Il tradizionale corteo – promosso da Cgil, Cisl e Uil e preceduto dalla banda cittadina G. Cotti, che ha proposto diversi brani, dall’Inno d’Italia a “Bella Ciao” – ha percorso alcune vie del centro per arrivare in piazza Statuto, dove sono saliti sul palco, tra gli altri, Stefano Calella, segretario generale aggiunto Cisl Asti-Cuneo, Luca Quagliotti, segretario generale provinciale Cgil, Pierluigi Guerrini, dirigente Uil, il sindaco e presidente della Provincia Maurizio Rasero, il vice sindaco Stefania Morra e l’assessore comunale Riccardo Origlia.
Le parole di Stefano Calella
“Nel 2024 – ha incalzato dal palco Stefano Calella – abbiamo avuto ancora tanti, troppi morti sul lavoro. Sono stati più di mille, cui si aggiungono 500mila infortuni denunciati e un numero non calcolabile di casi sommersi. Un triste primato italiano, una situazione indegna per un Paese civile e industrializzato”.
“Il problema – ha continuato – è che a 30 anni dalla legge 626 del 1994 e dopo il Testo unico sulla sicurezza sul lavoro del 2008, poco è cambiato. Il numero degli ispettori è troppo basso e, malgrado le ultime assunzioni dei vari enti, siamo lontanissimi da una sufficienza operativa. Bisogna agire nella formazione, nell’informazione e, soprattutto, nella cultura della sicurezza. A questo proposito ricordo che la Prefettura di Asti ha costituito l’Osservatorio degli infortuni con gli organi ispettivi, le associazioni datoriali e Cgil, Cisl e Uil proprio per trovare soluzioni al problema.
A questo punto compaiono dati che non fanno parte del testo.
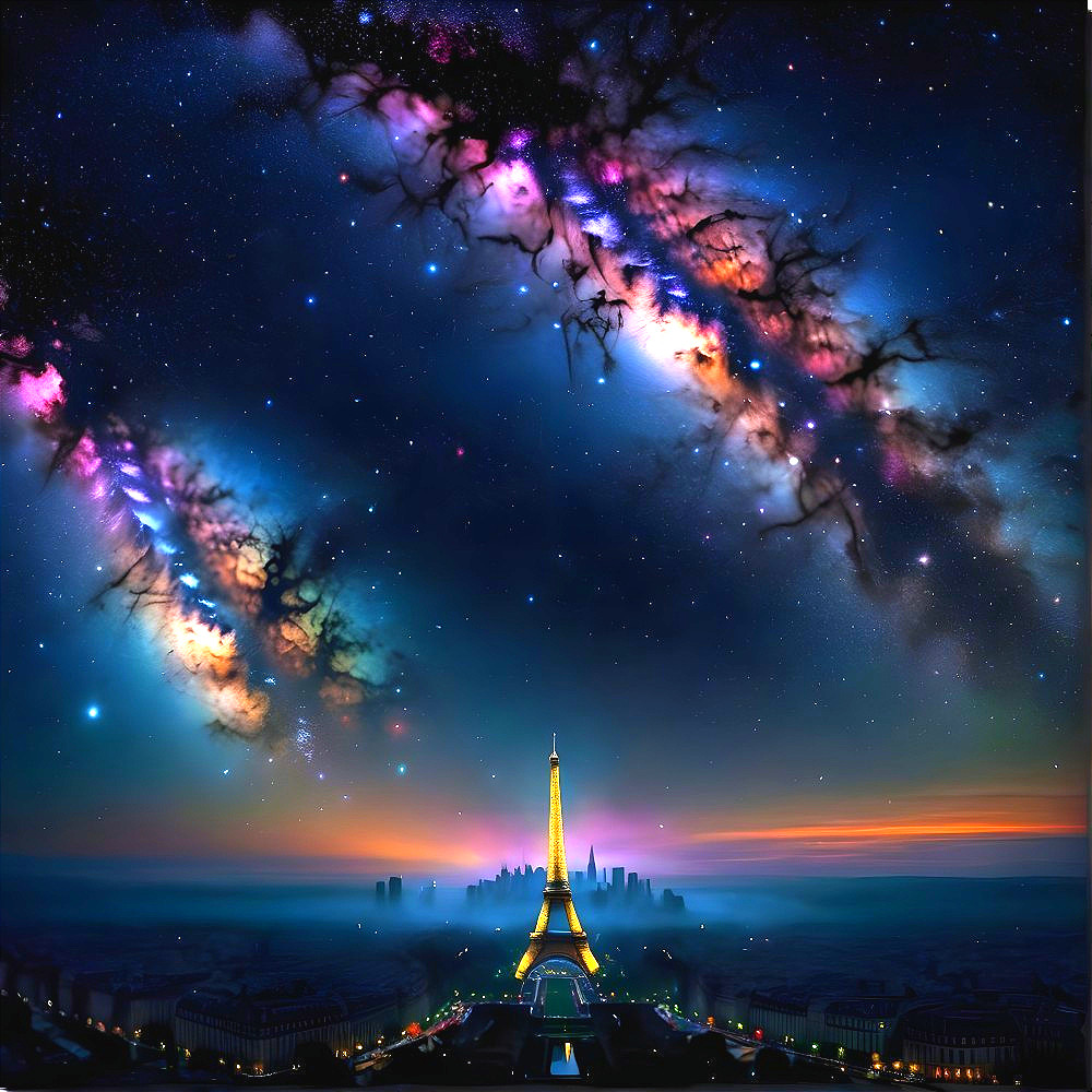 Eiffel Tower Under a Starry Cosmic Sky

E in tale contesto abbiamo organizzato il cartellone di eventi “Asti Si’cura” per diffondere la cultura della sicurezza, coinvolgendo i giovani, che devono essere il nostro obiettivo”.
Dopodiché ha citato i nomi di alcuni morti sul lavoro, in rappresentanza di tutti coloro che hanno perso la vita mentre svolgevano il loro mestiere, cui è stato dedicato un minuto di silenzio.
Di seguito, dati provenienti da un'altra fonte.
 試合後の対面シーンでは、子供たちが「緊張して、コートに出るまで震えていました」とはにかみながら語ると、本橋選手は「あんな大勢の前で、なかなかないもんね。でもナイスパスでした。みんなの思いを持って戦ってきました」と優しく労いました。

L’intervento del sindaco Rasero
Ha quindi preso la parola Maurizio Rasero che, dopo aver ricordato le origini storiche della Festa dei lavoratori, ha invitato a contare sulle Istituzioni provinciale e comunale, che sono a disposizione dei lavoratori “per migliorare le loro condizioni e avanzare ulteriori rivendicazioni di diritti”.
La battaglia di Giorgio Rubolino
E proprio sulla conquista di un diritto importante ha incentrato il suo intervento Giorgio Rubolino (Uil Asti – Cuneo), italiano che ha vissuto tanti anni in Albania. Ha infatti ripercorso le tappe della battaglia mirata alla conquista dei diritti sociali e previdenziali che – prima con l’articolo 1, comma 1164 della legge 296 del 2006, e poi con la legge 29 dell’11 marzo 2025 – garantirà ai lavoratori albanesi, da anni residenti in Italia, di vedere cumulati gli anni di lavoro svolti nei due Paesi per accedere alla pensione.
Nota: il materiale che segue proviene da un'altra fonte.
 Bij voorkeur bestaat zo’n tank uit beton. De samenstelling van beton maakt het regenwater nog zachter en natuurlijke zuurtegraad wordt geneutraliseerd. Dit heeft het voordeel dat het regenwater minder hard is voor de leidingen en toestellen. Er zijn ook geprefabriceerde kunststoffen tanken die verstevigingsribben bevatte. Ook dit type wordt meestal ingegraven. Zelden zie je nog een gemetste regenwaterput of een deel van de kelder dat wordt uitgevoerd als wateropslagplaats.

“Un diritto negato per decenni – ha affermato – mentre ora, con orgoglio, possiamo annunciare che a giorni potrà essere presentata la prima domanda. E aggiungo che dovrebbe essere così anche per tutti gli altri Paesi”.
Rubolino ha sottolineato che questo diritto è stato ottenuto “grazie al lavoro svolto, con umiltà e determinazione, costituendo due associazioni, l’Ancifra e la Diaspora 91-19 Aniap, con il sostegno di tanti astigiani che hanno dato un contributo attivo al nostro percorso”.
In particolare ha ringraziato il sindaco Rasero e la Uil, ricordando nello specifico il sindacalista Silvano Uppo.
Le conclusioni di Giorgio Airaudo
A tracciare le conclusioni, a nome dei tre sindacati, è stato poi Giorgio Airaudo.
“Ringrazio il sindaco – ha affermato – per il suo intervento non convenzionale. Lo prendiamo in parola, perché il mondo del lavoro astigiano, piemontese e italiano ha bisogno di sostegno e cambiamento. E ha bisogno di farlo velocemente”.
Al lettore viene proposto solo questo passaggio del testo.